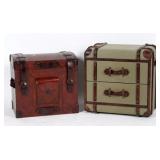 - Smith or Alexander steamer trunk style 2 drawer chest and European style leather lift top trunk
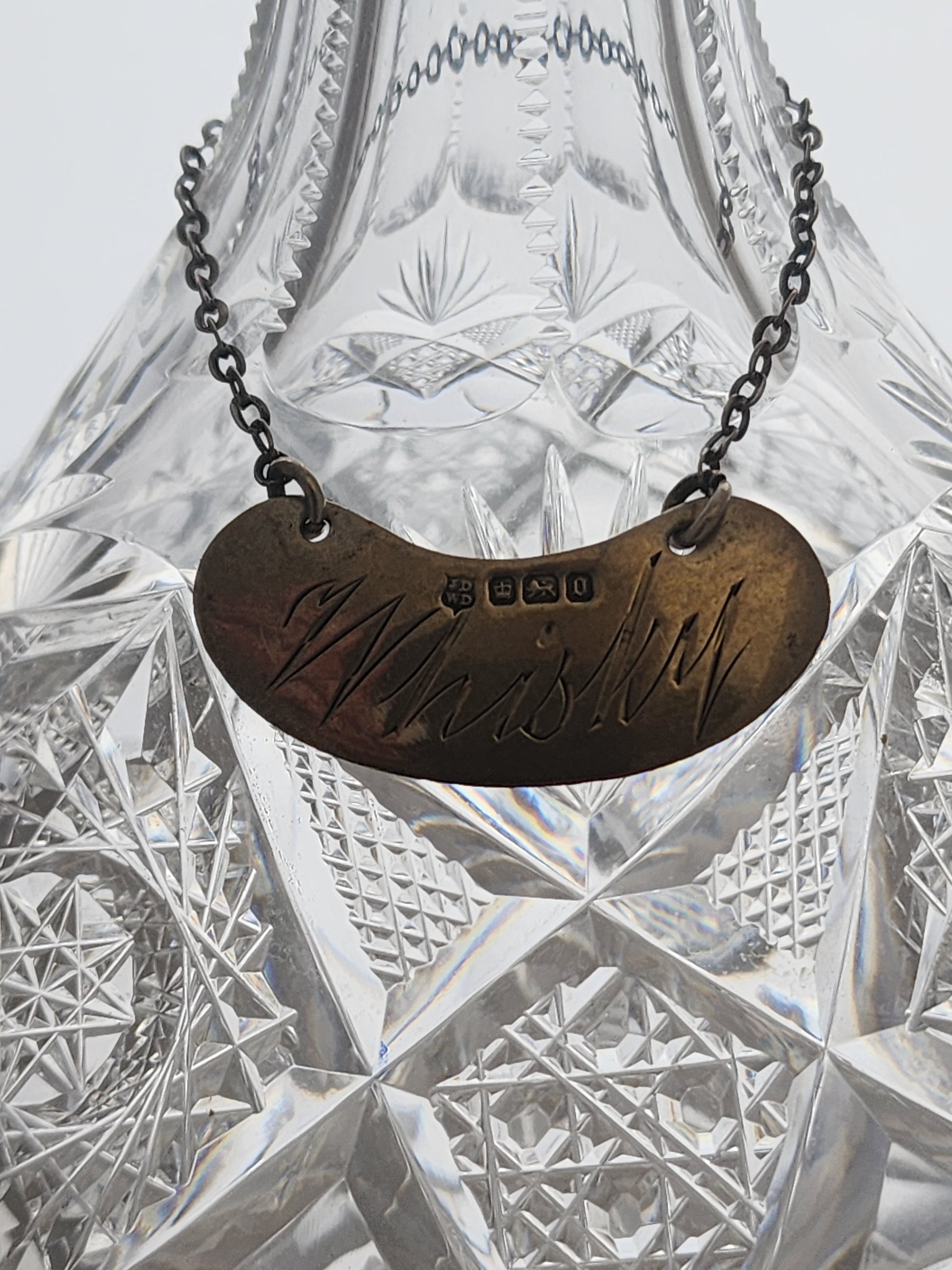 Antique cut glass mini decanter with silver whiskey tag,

---

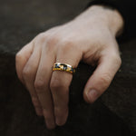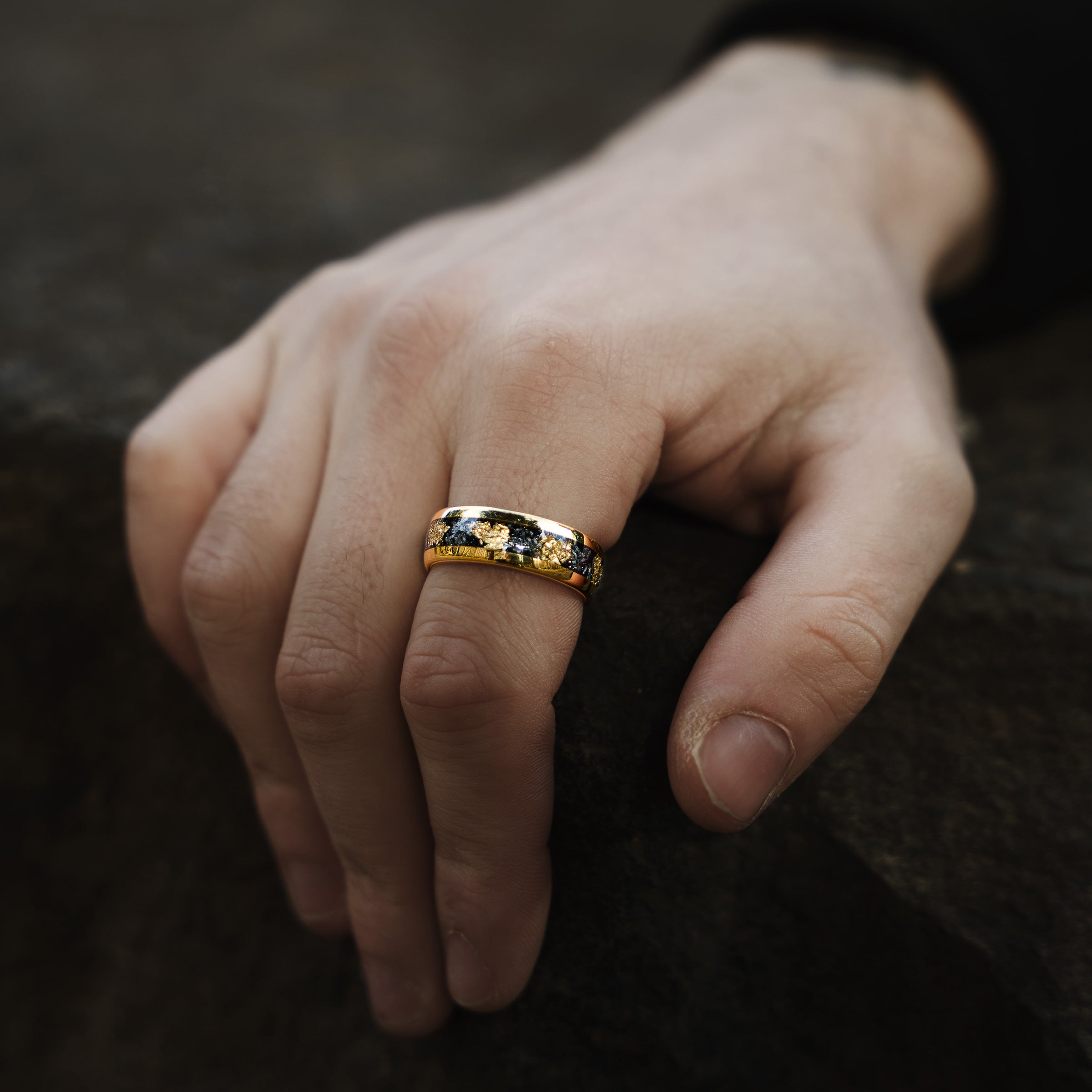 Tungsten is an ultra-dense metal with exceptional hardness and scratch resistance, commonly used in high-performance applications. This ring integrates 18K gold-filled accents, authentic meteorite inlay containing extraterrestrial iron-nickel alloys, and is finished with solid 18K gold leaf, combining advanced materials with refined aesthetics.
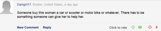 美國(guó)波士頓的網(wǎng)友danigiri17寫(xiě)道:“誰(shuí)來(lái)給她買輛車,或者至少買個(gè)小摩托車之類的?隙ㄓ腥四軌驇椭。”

---

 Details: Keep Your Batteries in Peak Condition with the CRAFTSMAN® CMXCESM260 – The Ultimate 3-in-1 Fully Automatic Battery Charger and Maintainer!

## Instructions for the task
Using the material above, transcribe exactly the lines from the one holding "Tungsten is an" to the one holding "美國(guó)波士頓的網(w", both ends kept. Do not carry over any pictures.

## Solution for this exercise
 Tungsten is an ultra-dense metal with exceptional hardness and scratch resistance, commonly used in high-performance applications. This ring integrates 18K gold-filled accents, authentic meteorite inlay containing extraterrestrial iron-nickel alloys, and is finished with solid 18K gold leaf, combining advanced materials with refined aesthetics.
 美國(guó)波士頓的網(wǎng)友danigiri17寫(xiě)道:“誰(shuí)來(lái)給她買輛車,或者至少買個(gè)小摩托車之類的?隙ㄓ腥四軌驇椭。”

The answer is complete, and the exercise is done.